Also, I just skimmed over my lecture notes again and can't see or recall anything showing what to do if the RHS is related to the solution. Is using this knowledge the only way to solve this question?
Cheers,

4. Oct 17, 2008

### Rake-MC

So I thought a bit harder about the complex exponential and re-wrote it like this before I solved for A and B:

$$Ae^{it} + Be^{-it} + 2cos(\omega t) = 0$$ Therefore:

$$A[cos(t) + isin(t)] + B[cos(t) - isin(t)] + 2cos(\omega t) = 0$$

$$(A + B)cos(t) + (Ai - Bi)sin(t) + 2cos(\omega t) = 0$$

$$Let A + B = C_1 and Ai - Bi = C_2$$

Therefore:

$$C_1cos(t) + C_2sin(t) + 2cos(\omega t) = 0$$

and from the other initial condition:

$$-C_1sin(t) + C_2cos(t) - 2\omega sin(\omega t) = 0$$

Therefore: $$C_1 = -2 and C_2 = 0$$

So: $$x(t) = -2cos(t) + 2cos(\omega t)$$ and if omega = 1, x(t) = 0.

Is this more correct than my previous post? Or does it look like I've made mistakes?
Thanks,

EDIT: Oh my! I just realised that it's taken the form required for part c) (pardon my slowness). Thanks so much for all the help so far, if someone would be so kind to let me know if what I've done is right so far (whenever they have time) it would be greatly appreciated.

5. Oct 18, 2008

### Rake-MC

Okay, so everything seems to be coming along ok so far, now I need to take a limit of $$x(t) = -2cos(t) + 2cos(\omega t)$$ as omega approaches 1, using l'hopital's rule.

That despite the fact that t is the variable that x is dependent upon, in order to take a limit of omega, I have to differentiate x(t) with respect to omega.

I'm probably doing this wrong because I can't recall having done it before (it may not have been taught thoroughly as it is a bonus question) but this is what I've got:

$$\frac{d}{d\omega} [-2cos(t) + 2cos(\omega t)] = -2tsin(\omega t)$$
and as omega approaches 1, x approaches zero. Despite the fact that this is the correct answer, I'm not sure if I went about the correct method.

Thanks

6. Oct 18, 2008

### klondike

Although math professor may not agree but I think the problem is perfectly set up to be solved by Laplace transform. The differential equation describes the response of an undamped 2nd order system with $$\omega_{n}=1$$, excited by a steady sinusoid at t>0 while it's completely at rest for t<0, which are classical engineering phenomenons -- beat and resonance.

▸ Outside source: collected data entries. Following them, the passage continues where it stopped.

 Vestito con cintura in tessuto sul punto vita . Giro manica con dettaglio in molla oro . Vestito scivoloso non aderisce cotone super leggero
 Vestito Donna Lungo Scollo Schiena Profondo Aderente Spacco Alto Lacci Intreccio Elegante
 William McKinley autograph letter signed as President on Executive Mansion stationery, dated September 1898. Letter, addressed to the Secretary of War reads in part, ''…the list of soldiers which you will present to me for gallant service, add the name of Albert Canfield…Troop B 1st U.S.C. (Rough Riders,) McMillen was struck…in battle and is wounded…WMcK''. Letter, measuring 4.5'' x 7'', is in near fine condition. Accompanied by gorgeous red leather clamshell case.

When $$\omega \neq \omega_{n}$$, it beats, or amplitude modulated. The solution is in form of $$A \sin \dfrac{(\omega-\omega_{n})t}{2}sin \dfrac{(\omega+\omega_{n})t}{2}$$.

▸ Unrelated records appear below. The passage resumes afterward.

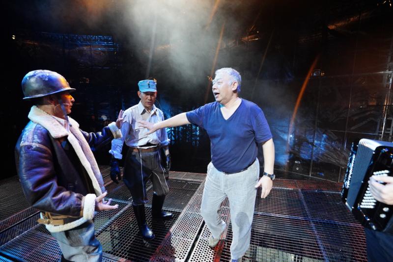 舞台上一部旧的军用汽车和全金属打造的高坡,9月25日下午,记者走进国家大剧院戏剧场,大型原创话剧《选择》正在这里热火朝天地排练,并将于10月2日至6日迎来首演。作为国家大剧院第90部制作剧目,话剧《抉择》将全方位呈现国家大剧院舞台机械的强大功能。在记者探班时,演员靳东赶来探班,他是应导演宮晓东的邀请前来与演员交流舞台演出的。靳东说自己是宮导的小师弟和晚辈,对宫导的艺术很是敬重和佩服。宫晓东介绍,靳东有很多朋友和学生也在剧组里,主演吴京安见到靳东后很快熟络地聊了起来。
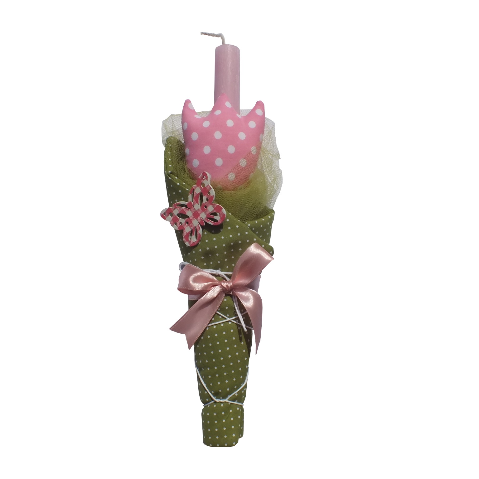 Λαμπάδα με Υφασμάτινη Τουλίπα – Ροζ Πουά
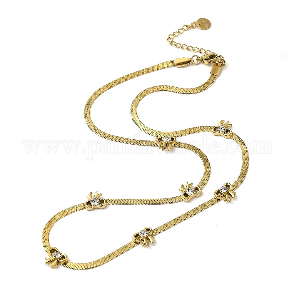 304 ожерелья из нержавеющей стали с цепочкой-змейкой и бантом, украшенные кристаллами и стразами, для женщин (02X3AY)
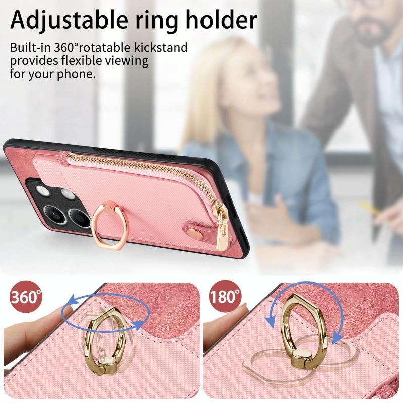 Για Xiaomi Redmi Note 13 Cross Δερμάτινο δαχτυλίδι κάθετη φερμουάρ πορτοφόλι πίσω υπόθεση τηλεφώνου (ρόζ)
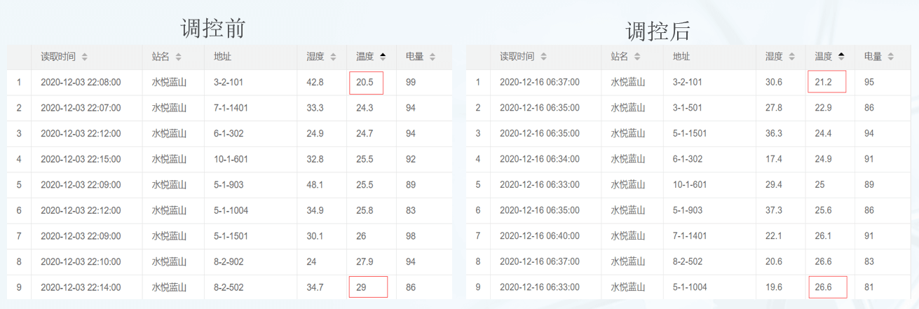 通過選取典型用戶室溫進(jìn)行監(jiān)測,調(diào)控前最高與最低室溫相差8.5℃,調(diào)控后最高與最低室溫相差5.4℃

When $$\omega = \omega_{n}$$, it resonates, the solution is unbounded, something like $$B*t \sin(\omega t)$$

Let me find out the A and B tomorrow.

7. Oct 18, 2008

### Rake-MC

Hmmm okay thanks for that, but I don't really see how it helps sorry.
I'm pretty sure that I've got everything up until the limit correct, if anyone has spare time in the next day or two to check that I would greatly appreciate it. As for the limit I have a big feeling that I've done it wrong, but I don't know how else I would do it, I could possibly differentiate implicitly instead of letting t remain constant. However it could get messier than necessary.

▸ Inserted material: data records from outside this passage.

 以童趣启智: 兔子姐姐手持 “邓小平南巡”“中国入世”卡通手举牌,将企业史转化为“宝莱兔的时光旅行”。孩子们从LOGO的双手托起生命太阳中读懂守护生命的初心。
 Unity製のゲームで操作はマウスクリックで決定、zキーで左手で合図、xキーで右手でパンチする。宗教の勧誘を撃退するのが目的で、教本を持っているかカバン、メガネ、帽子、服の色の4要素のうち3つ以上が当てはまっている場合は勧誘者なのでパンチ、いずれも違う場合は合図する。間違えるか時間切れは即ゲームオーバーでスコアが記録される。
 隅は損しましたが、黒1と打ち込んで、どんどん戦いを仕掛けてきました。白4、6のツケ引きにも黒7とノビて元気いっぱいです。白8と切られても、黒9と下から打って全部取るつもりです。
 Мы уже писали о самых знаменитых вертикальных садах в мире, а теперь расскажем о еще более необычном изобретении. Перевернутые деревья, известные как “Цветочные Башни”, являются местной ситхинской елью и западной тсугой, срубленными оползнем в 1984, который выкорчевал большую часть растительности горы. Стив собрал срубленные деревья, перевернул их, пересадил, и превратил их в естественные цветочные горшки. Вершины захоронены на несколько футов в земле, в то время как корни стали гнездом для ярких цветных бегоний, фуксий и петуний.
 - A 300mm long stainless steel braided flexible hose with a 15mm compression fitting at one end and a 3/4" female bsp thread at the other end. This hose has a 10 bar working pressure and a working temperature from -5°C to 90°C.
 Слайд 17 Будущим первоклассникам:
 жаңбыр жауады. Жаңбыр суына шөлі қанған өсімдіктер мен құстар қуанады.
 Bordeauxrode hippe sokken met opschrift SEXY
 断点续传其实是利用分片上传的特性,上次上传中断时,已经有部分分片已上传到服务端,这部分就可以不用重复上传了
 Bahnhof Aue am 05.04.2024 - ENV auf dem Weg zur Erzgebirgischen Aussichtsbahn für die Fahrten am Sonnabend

As for all of the spring stuff and laplace transformations, we have not been taught laplace yet and there is nothing in the question defining spring systems, so is what you posted earlier an assumption klondike? Or is it a rule?

Thanks

8. Oct 18, 2008

### HallsofIvy

Staff Emeritus
Ahh, you know me don't you!

Rake MC, one thing most people learn early in an introductory differential equations course is, "if the right hand side of a non-homogeneous equation contains one of the solutions to the corresponding homogeneous equation, then you multiply the that function by the independent variable to get the specific solution.

In other words, if the differential equation is x"+ x= cos(t) you know that the solution to x"+ x= 0 involves sin(t) and cos(t) so just "Acos(t)" itself will not work as a solution to the entire equation: it will give 0 no matter what A is.

So mutiply the general solution, A cos(t)+ B sin(t), by t to try a solution of the form At cos(t)+ Bt sin(t). If x= At cos(t), then x'= A cos(t)- A t sin(t)+ B sin(t)+ Bt cos(t) and x"= -2A sin(t)- At cos(t)+ 2B cos(t)- B t sin(t). x"+ x'= -2A sin(t)- At cos(t))+ 2B cos(t)- Bt sin(t)+ At cos(t)+ Bt sin(t)= -2Asin(t)+ 2B cos(t) and that must be equal to cos(t). Take A= 0, B= 1/2 so the general solution is x(t)= C cos(t)+ D sin(t)+ (1/2)t sin(t).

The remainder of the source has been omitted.